In this example AI model 1 118 produces predicted satisfaction 1 120 at time 114. The system, using that predicted satisfaction 1 120, may identify that there is a high chance that, if the experience continues along its current path, that the human will ultimately end up with a negative satisfaction of the experience. To remedy this, the system can generate alternative actions 204 based on that predicted satisfaction 1 120. The human, or other humans associated with the experience, can implement those suggestions or continue along the original experience path. Likewise, the illustrated second predicted satisfaction 128 can be used to generate alternative actions 206, and the third predicted satisfaction 134 can be used to generate alternative actions 208. The suggested alternative actions 204, 206, 208 can, depending on the predicted satisfaction used to generate the alternative actions, be the same in each instance. However, in practice the suggested alternative actions 204, 206, 208 will vary in each instance based not only on the associated predicted satisfaction 120, 128, 134, but also the point in time 114, 122, 130 where the AI models 118, 126, 134 are executed.

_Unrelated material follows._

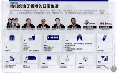 彭博商业周刊曾用一幅图简洁了当地说明李嘉诚等富可敌国的香港“四大家族”是怎样控制700万市民的生老病死。

In some configurations, the second artificial intelligence model can require more computing power than the first artificial intelligence model, whereas in other configurations the second artificial intelligence model can require less computing power than the first artificial intelligence model.
In some configurations, the illustrated method can further include: upon receiving the first satisfaction prediction and before receiving the second data, modifying the experience of the human based upon the first satisfaction prediction. For example, if one or more of the artificial intelligence models predicts that the human is likely to have a negative experience (e.g., a negative satisfaction, adverse outcome, etc.), the system can suggest (to the human or another individual) ways in which the experience can be modified. In other configurations, the system can automatically initiate changes to the experience with the goal of mitigating or eliminating negative outcomes.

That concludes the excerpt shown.